Newman won over many people who tuned into the double homicide trial of Murdaugh. But just who is the South Carolina judge and what has made him so popular that people are pondering if he could have his own television show to crocheting his likeness as a doll?

Here’s a look at the man on the bench, his rise in prominence and what he has been up to since delivering two consecutive life sentences to Murdaugh.

Who is South Carolina Judge Clifton Newman?

Now a S.C. Circuit Court judge, Newman was born in 1951 in rural Williamsburg County in South Carolina, a little more than 100 miles north of where he presided over the Murdaugh trial in Walterboro, S.C., The Post and Courier reported in a profile of the judge last year. At the age of three, his mother moved to New York to take a job as a domestic worker for a Columbia University professor’s family, leaving him in the care of his grandparents and an aunt.

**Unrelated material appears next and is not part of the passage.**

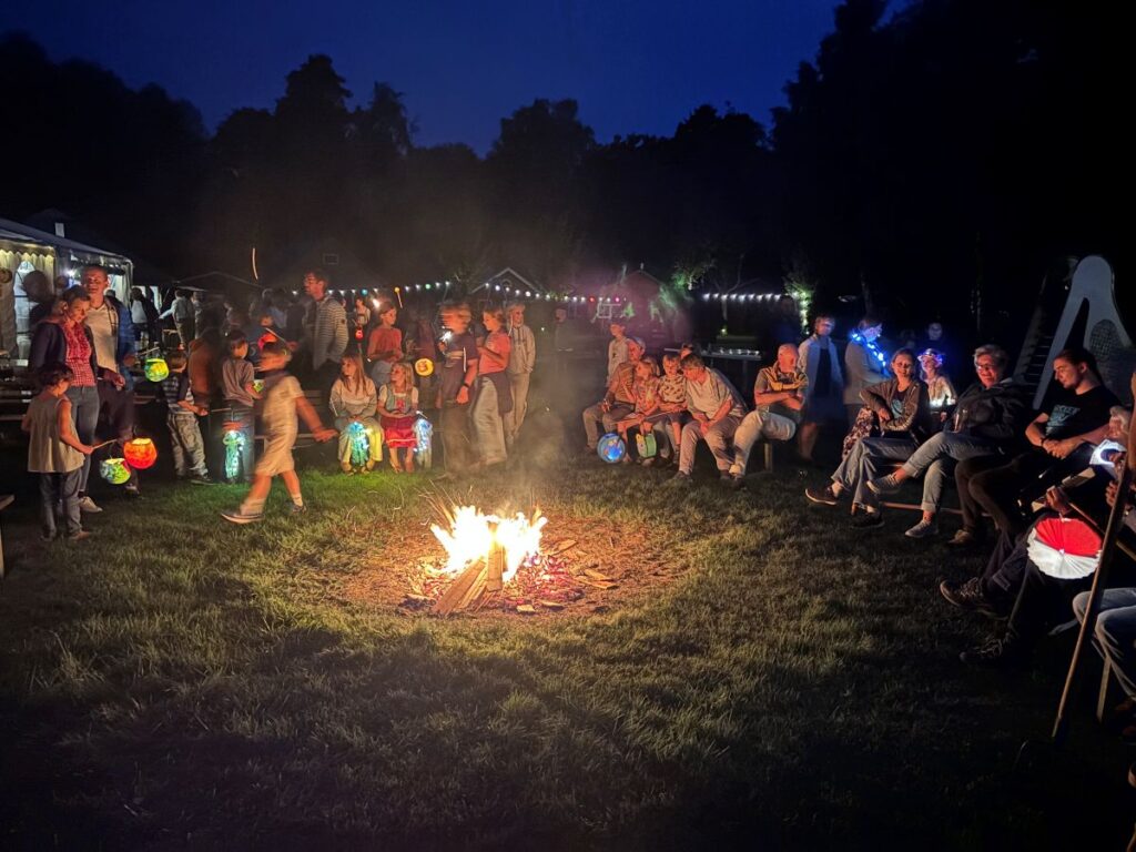 Sobald es zu dämmern begann, folgte der zweite Höhepunkt des Abends: das Laternelaufen. Die Lampions am Wegesrand und in den Händen der Kinder schmückten den Platz und verzauberten ihn geradezu. Nachdem sich alle gesammelt hatten, ging es – begleitet von Berit und ihrem Saxofon – auf einen Rundgang mit vielen schönen und bunten Laternen. Schließlich trafen sich alle am Lagerfeuer wieder, wo Barbara mit ihrem Saxofon musikalisch begleitete, und gemeinsam wurden viele Lieder gesungen – dazu gab es Marshmallows und Stockbrot am Feuer sowie den Schein von Laternen, Wunderkerzen und Sternen am Himmel. Ein wahrlich zauberhafter und schöner Abend, natürlich auch begünstigt durch das traumhafte und milde Wetter.

During his school years, Newman attended racially segregated schools in the 1950s and 1960s. From high school, Newman earned an undergraduate degree from Cleveland State University and graduated from Cleveland-Marshall College of Law in Cleveland, Ohio. He began practicing law in Cleveland before returning to South Carolina in 1982 to start a private law practice.

Newman served as a defense attorney, a civil practitioner and a prosecutor before 2000 when the state General Assembly elected him to serve as a Circuit Court judge.

“To come from a rural community, a farming community, and to go from that scenario to playing the role of a lawyer was quite inspiring,” Newman told the American Bar Association in 2017.

Clifton Newman’s time presiding over the Murdaugh case wins over social media

As the Murdaugh trial went on Newman’s name began to pop up in social media posts with people looking for information and praising him for his conduct on the bench while presiding over the double-homicide trial.